§ **Task statement**
Produce a word-for-word copy of the data that follows, excluding images.
BEGIN The input
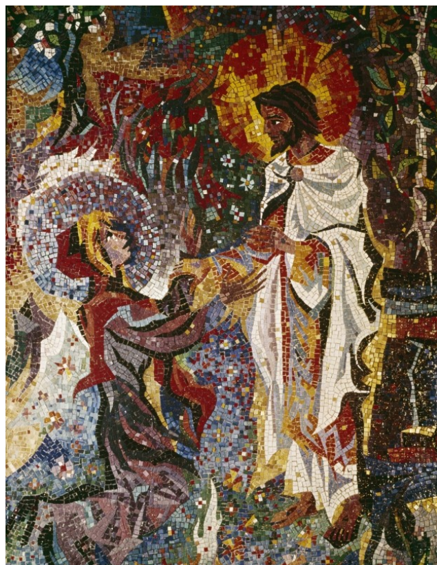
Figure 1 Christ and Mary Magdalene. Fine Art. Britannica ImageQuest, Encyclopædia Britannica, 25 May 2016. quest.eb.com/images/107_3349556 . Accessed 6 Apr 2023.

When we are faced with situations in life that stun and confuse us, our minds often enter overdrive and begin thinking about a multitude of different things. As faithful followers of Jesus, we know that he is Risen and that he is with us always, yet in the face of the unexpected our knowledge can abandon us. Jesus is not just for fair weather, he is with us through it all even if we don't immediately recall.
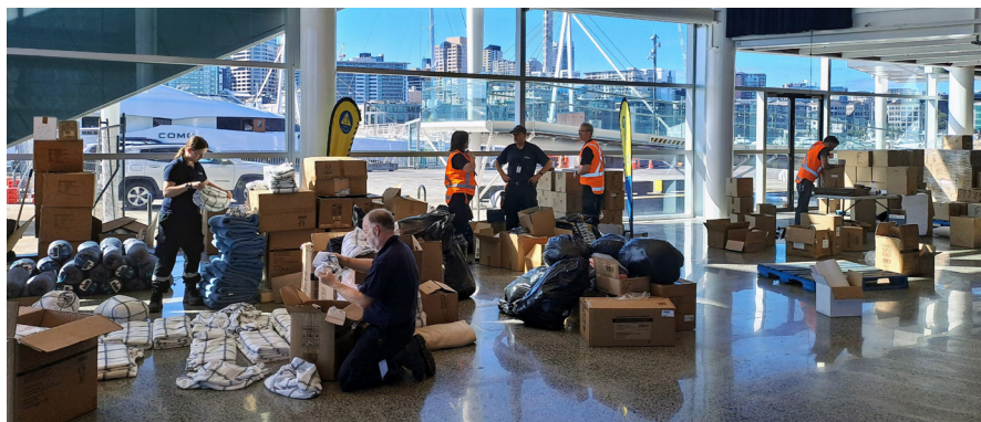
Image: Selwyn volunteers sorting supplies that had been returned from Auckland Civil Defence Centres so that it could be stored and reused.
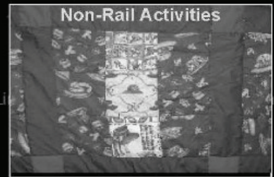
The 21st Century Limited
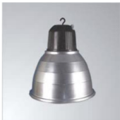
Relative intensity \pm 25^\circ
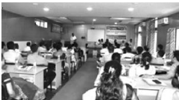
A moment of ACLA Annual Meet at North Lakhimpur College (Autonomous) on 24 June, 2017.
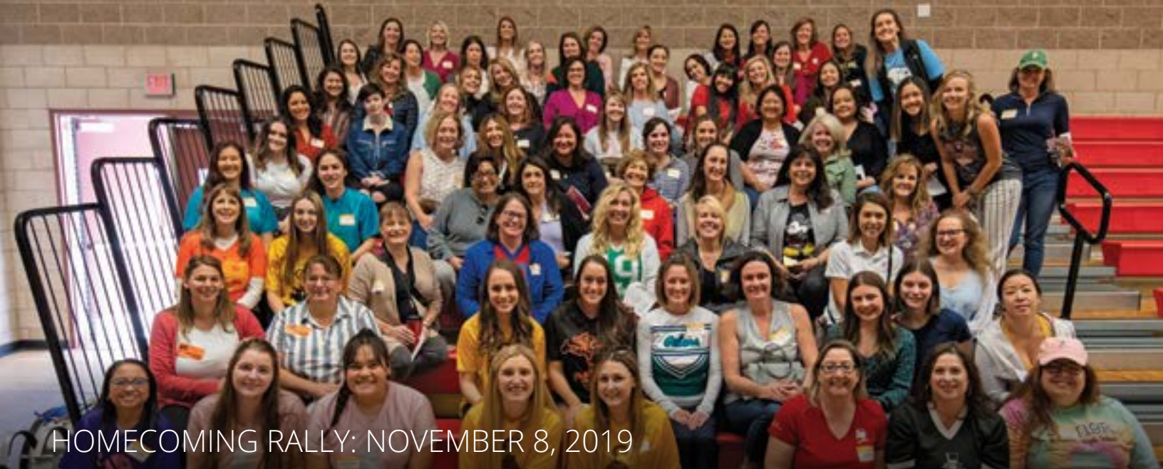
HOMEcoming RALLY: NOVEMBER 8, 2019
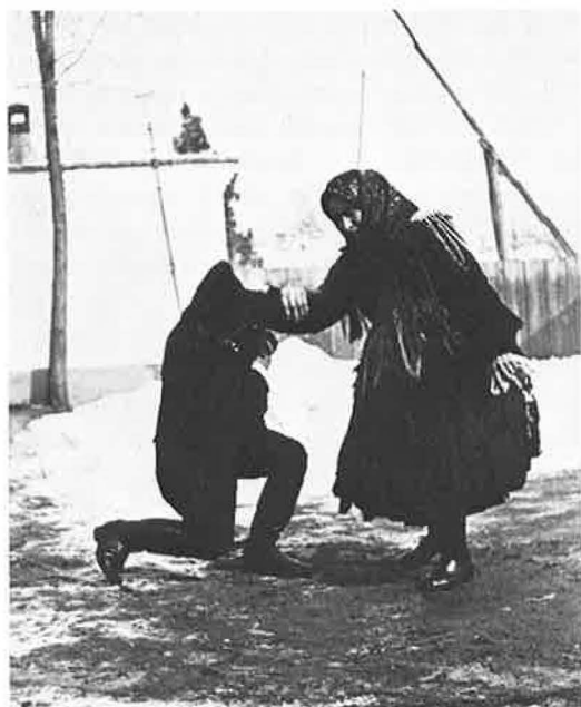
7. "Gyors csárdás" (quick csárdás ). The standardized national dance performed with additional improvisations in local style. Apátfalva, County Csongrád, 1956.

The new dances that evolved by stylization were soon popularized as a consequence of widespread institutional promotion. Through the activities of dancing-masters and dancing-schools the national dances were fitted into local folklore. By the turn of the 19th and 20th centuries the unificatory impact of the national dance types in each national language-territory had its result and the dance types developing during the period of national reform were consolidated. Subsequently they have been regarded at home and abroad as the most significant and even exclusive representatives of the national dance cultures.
END The input
§ **Output for this task**
Figure 1 Christ and Mary Magdalene. Fine Art. Britannica ImageQuest, Encyclopædia Britannica, 25 May 2016. quest.eb.com/images/107_3349556 . Accessed 6 Apr 2023.

When we are faced with situations in life that stun and confuse us, our minds often enter overdrive and begin thinking about a multitude of different things. As faithful followers of Jesus, we know that he is Risen and that he is with us always, yet in the face of the unexpected our knowledge can abandon us. Jesus is not just for fair weather, he is with us through it all even if we don't immediately recall.
Image: Selwyn volunteers sorting supplies that had been returned from Auckland Civil Defence Centres so that it could be stored and reused.
The 21st Century Limited
Relative intensity \pm 25^\circ
A moment of ACLA Annual Meet at North Lakhimpur College (Autonomous) on 24 June, 2017.
HOMEcoming RALLY: NOVEMBER 8, 2019
7. "Gyors csárdás" (quick csárdás ). The standardized national dance performed with additional improvisations in local style. Apátfalva, County Csongrád, 1956.

The new dances that evolved by stylization were soon popularized as a consequence of widespread institutional promotion. Through the activities of dancing-masters and dancing-schools the national dances were fitted into local folklore. By the turn of the 19th and 20th centuries the unificatory impact of the national dance types in each national language-territory had its result and the dance types developing during the period of national reform were consolidated. Subsequently they have been regarded at home and abroad as the most significant and even exclusive representatives of the national dance cultures.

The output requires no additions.